Is it my fault that a tiny, malnourished puppy could EASILY be mistaken for either a boy or a girl?
Is it my fault that in my former life I mistook my unspayed female cat for a neutered male one, had already named it Milo, and decided to keep the name?
Is it my fault that I've never owned a dog before?
Is it my fault that I don't walk around looking between the legs of dogs to compare sex organs?
Is it my fault that I mistook Simon's lady parts for a very immature male part?
THE ANSWER TO ALL QUESTIONS IS NO!
So please don't judge me when I tell you that my darling little boy Simon is actually a girl, and it only took me 4 months to figure it out.
I've already done the female-animal-masculine-name thing, and I'm not doing it again! Henceforth the puppy will be named Ginger in honor of her gorgeous red locks and my penchant for those blessed with red atop their head.
In my defense I would like to remind all of my readers that through my intelligence, hard work and natural intuition I cured this dog of not one, but TWO deadly illnesses, and nursed it back to health when it was on the brink of starvation.
I really wouldn't blame you if you judged me for this one; I already have.

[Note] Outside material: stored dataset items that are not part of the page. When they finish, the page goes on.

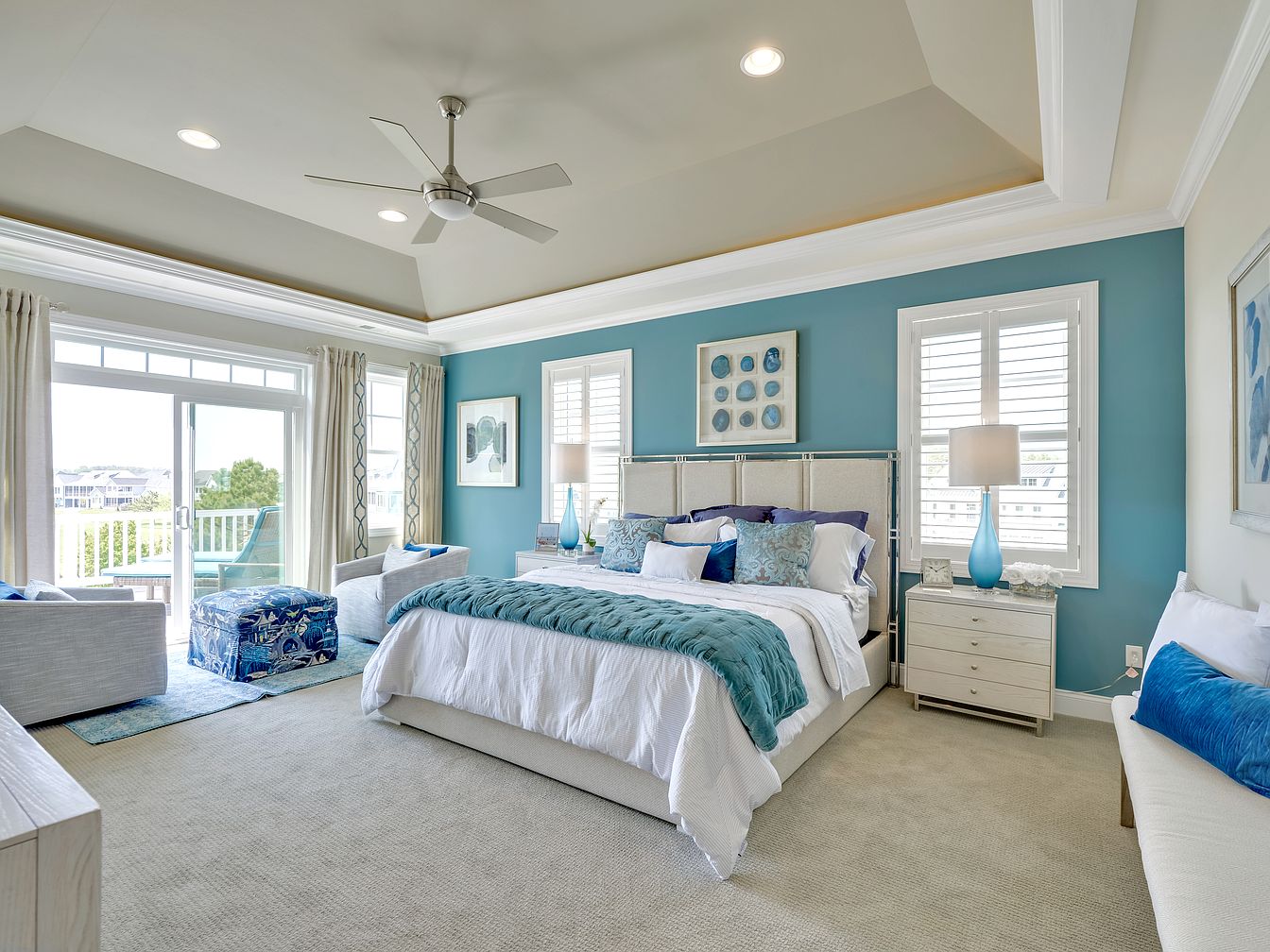 A spacious bedroom featuring a serene blue and white color scheme, enhanced by natural light streaming through large sliding glass doors that lead to a balcony with outdoor views. The walls are painted a soft, calming blue, complemented by white trim, beige carpet, and an elegant tray ceiling with recessed lights. The bed is centered against the main wall, dressed in crisp white linens and adorned with multiple accent pillows and a textured blue throw. Matching nightstands with modern blue glass lamps flank the bed, while cozy armchairs, a patterned ottoman, and a low upholstered bench add to the comfortable ambiance.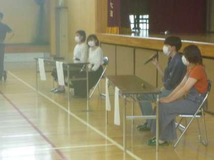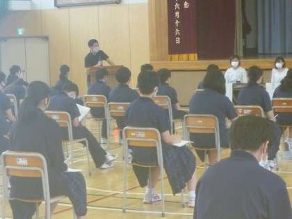6時間目、体育館で、夏休みを前に卒業生から高校・大学受験や勉強法について話を聞くことで、高校見学や夏休みの勉強について考える機会を作るを目的に、4人の卒業生が都立・私立高校の様々な話をしてくれています。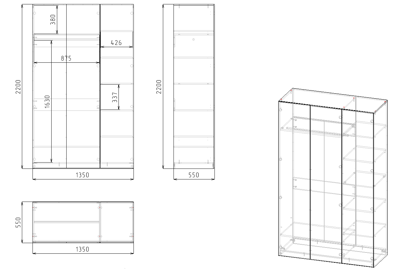 высота 2200 х ширина 1350 х глубина 550 мм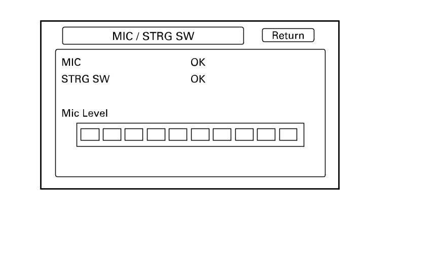 Press the navigation TALK button on the steering wheel, wait until you hear a beep, and in a normal voice say "testing". The TALK indicator on the screen should momentarily turn green, and the text "Now Recording..." should appear in yellow. If the talk indicator shown on the screen does not briefly turn green, check the wiring from the steering wheel navigation TALK button to the audio-navigation unit. If there is no Mic Level movement when you speak, then you should check the wires running from the microphone to the HandsFreeLink control unit and the audio-navigation unit. If the wires are OK, the microphone must be faulty; replace the microphone.

Its time I revealed a little about an intimate relationship I've recently become involved in. His name is Herald, and we've been involved for about a month now. I THINK we met sometime during my training and travels. He is cuddly little worm that has somehow ended up nesting lovingly inside my intestines. At first I barely noticed him, kept him tame with regular administrations of Pepto Bismol; however, now he has begun to really let me know when he's around.
Owning/possessing/being possessed by a worm comes with its own set of trials and challenges. For instance, its very important to be near a "facility" about 30 minutes to an hour after food consumption. Food seem to make Herald overly excited,or angry, I'm still not sure which; foods such as ALL dairy, caffeine, meats, vegetables, starches, fruits, and oils. To be honest, I'm not quite sure what he enjoys the most, he seems to treat all of them as equal opportunity fodder. Herald also seems to be nocturnal, which means lots and lots of late night trips to the outhouse. This past weekend he and I made that trip 17 times in one night. Needless to say, what started out as a harmless flirtation with each other has now gotten serious, too serious for me. So I'm afraid its time for us to part ways.
RIP Harald. I'm afraid I won't miss you all that much, but I promise to think of you every time I pass the outhouse.